Who Can Claim Conservation Easement Deductions

Individuals (50% AGI cap), qualified farmers and ranchers (100% cap if gross farm income > 50% of total gross income and the easement keeps land available for agriculture), C-corporations (10% taxable income cap, 25% for qualified farmer/rancher C-corps), and S-corps / partnerships (deduction passes through to owners subject to their own AGI cap). The donee must be a qualified organization — a §170(b)(1)(A)(vi) public charity or a government entity. Private foundations do not qualify. The easement deed must be perpetual and protect a qualified conservation purpose: open space, habitat, recreation, scenic enjoyment, or farmland.

The §170(f)(13) Syndicated 2.5x Bar

Congress enacted §170(f)(13) in the 2022 Consolidated Appropriations Act (effective for contributions after Dec 29 2022) to shut down abusive syndicated conservation easement (SCE) shelters. The rule disallows a partnership's deduction to the extent the claimed easement value exceeds 2.5x the partner's adjusted basis in the partnership immediately before the contribution. Exceptions exist for family partnerships, 3-year holding periods, and qualified farm/ranch easements. SCEs are also listed transactions requiring Form 8886 disclosure — failure to disclose triggers 20–40% penalties under §6707A. The TCJA-era SCEs sold pre-2023 are now under heavy IRS audit pressure.

15-Year Carryforward And When To Claim

Excess easement deductions carry forward up to 15 years — five times longer than the standard 5-year charitable carryforward — under §170(b)(1)(E) and §170(b)(2)(B). This carryforward is one of the most powerful in the tax code for high-net-worth landowners: a $5M easement against $200K AGI can deduct $100K/year for 15 years (or 100% for a qualified farmer, recovering the full value). Time the donation for a high-AGI year (sale of business, major Roth conversion, equity vesting) to maximize the year-1 absorption. Form 8283 Section B plus a qualified appraisal by a qualified appraiser are mandatory for easements valued over $5,000 — and for any easement, expect IRS scrutiny.

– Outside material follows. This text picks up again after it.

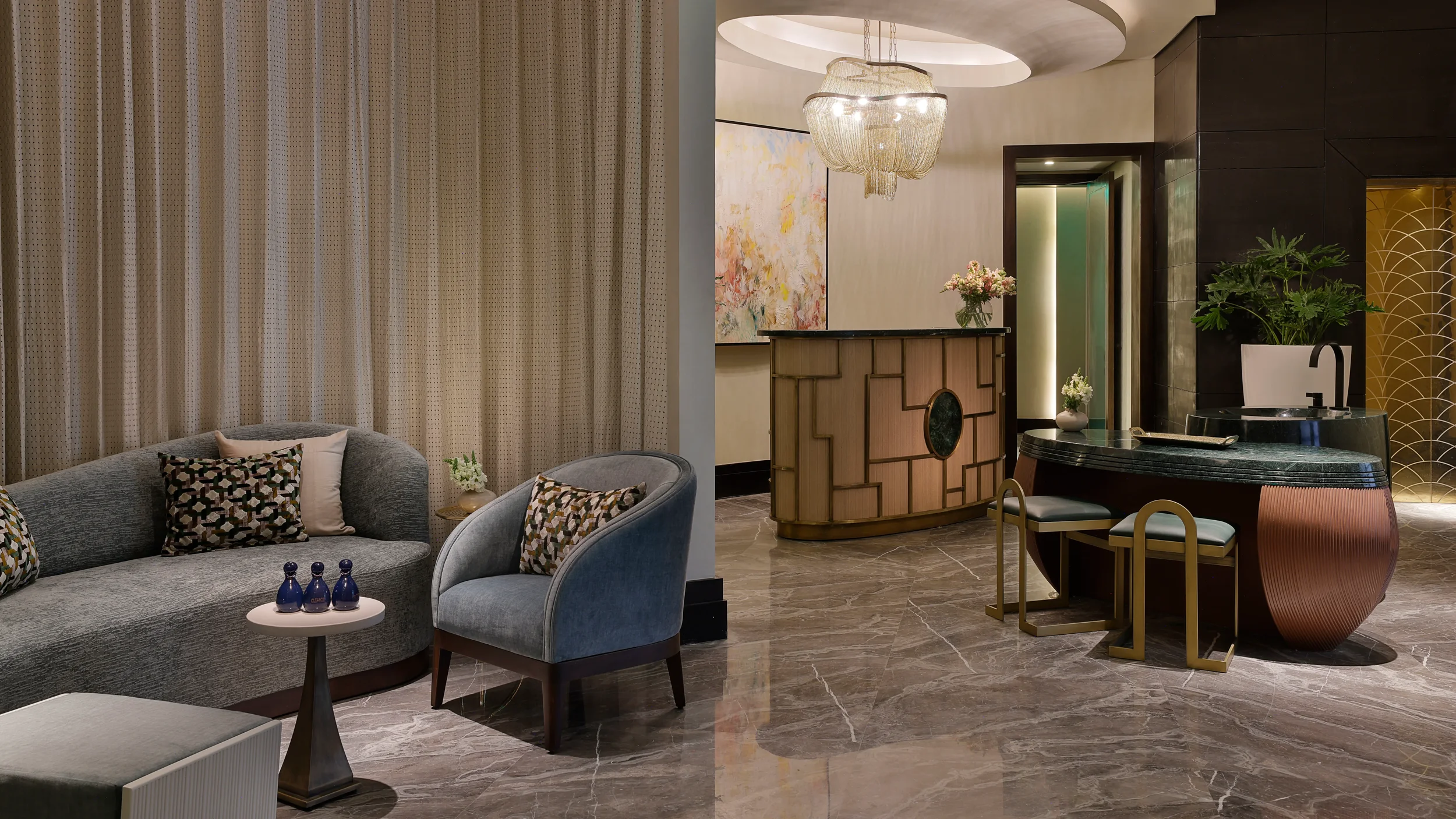 Re-imagined the interior of the atrium by transforming previously disconnected spaces into a cohesive master plan, crafting a harmonious guest journey that seamlessly integrates arrival, culinary and mixology experiences with inviting social spaces. Throughout the atrium, it is evident that biophilic design plays a vital role in creating an indoor oasis within the heart of Cairo.

Common Conservation Easement Mistakes

(1) Investing in a syndicated easement — claimed deductions of 4x–9x basis trigger automatic IRS audit and §170(f)(13) disallowance. (2) Missing Form 8886 for listed transactions — penalty is the greater of $50,000 or 75% of the tax benefit. (3) Using a non-qualified appraiser — credential and methodology requirements are strict; failed appraisals collapse the entire deduction. (4) Easement on land not held long-term — requires 1-year holding (3-year for partnerships under §170(f)(13)). (5) Ignoring state tax credits — many states (VA, CO, NM, SC, GA) offer transferable state tax credits stacking on top of the federal deduction.

Last updated May 2026. Sources: 26 USC §170(h) and §170(f)(13), IRS Pub 526 (Charitable Contributions), IRS Notice 2017-10 (listed transaction designation). Estimate only — confirm with a tax professional and qualified appraiser.